What is the level of the problem? An emotional impasse. One person wants
more emotion, the other refuses. At bottom, all relationships must have
an emotional core, and by nature, emotions are transient–they come and
go, rise and fall, moving the way they want to move, no matter what the
rational mind may say. People fail to communicate because there is an
emotional mismatch. Instead of trying to pry your partner open like an
oyster, you need to make him or her feel that it’s safe to open up on
their own. This can’t be done by attack, blame, nagging or guilt-tripping.
In order to open new lines communication, you need to develop a
new attitude toward communication. When you really communicate: (1)

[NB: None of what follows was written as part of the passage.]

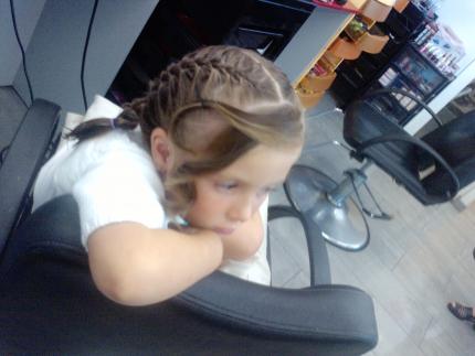 No, me refería a como lleva el flequillo por el otro lado que no se vé, me refiero a si vá con la raya al lado pero por esa parte si vá cogida a la trenza, y no con algún mechón suelto o algo como en el otro lado.

your partner’s emotions are as valid as yours; (2) you don’t use your relationship to vent or dump your stuff; (3) you sympathize, you feel where your partner is coming from; (4) you deal with your negative emotions as your
responsibility; (5) you don’t project them through guilt-tripping and
blame; (6) you make intimacy an open space between the two of you, you
are sensitive to any sign that the space is closing; (7) you show
appreciation for what your partner feels; (8) the one who gets to talk
the most is the one with the greatest need or the most to share. But
this doesn’t mean that one person is always the designated listener.
As before, you should sit down with your partner to discuss how these new
attitudes can be fostered between you. Choose a relaxed, calm moment.
Have the list written down and presented beforehand so that your partner
has time to consider each thing without feeling ambushed. One of the
most important things to avoid is depicting one person as being open
while the other is closed. Communication isn’t about me versus you. It’s
about building this separate, valuable thing known as “our relationship.” Communication is the air that relationship breathes. It’s not relevant that one partner might talk a lot while the other doesn’t.
Talking a lot isn’t communication, it’s holding forth. Your goal isn’t to make your partner more like you, or vice versa. What you are aiming for is mutual growth, which means that you share what’s going on inside, and you do it regularly, with enjoyment and in the spirit of mutual support. I realize that in most relationships there is a lot of venting, complaining, negotiating,
disagreement and other forms of emotional mismatch. This will be true in
the best relationships, but there will also be times when you share
life as if soul to soul. It’s those moments that need to grow and become
your focus in being together.
A soul-to-soul relationship is incredibly fulfilling. Going into the
light together can be uplifting in a way that two people could never
anticipate, even though falling in love gives a very vivid glimpse of
it. If you sincerely work on the three obstacles that cast a shadow over
too many relationships, your willingness to find the light will
certainly draw you into it–there is no greater promise.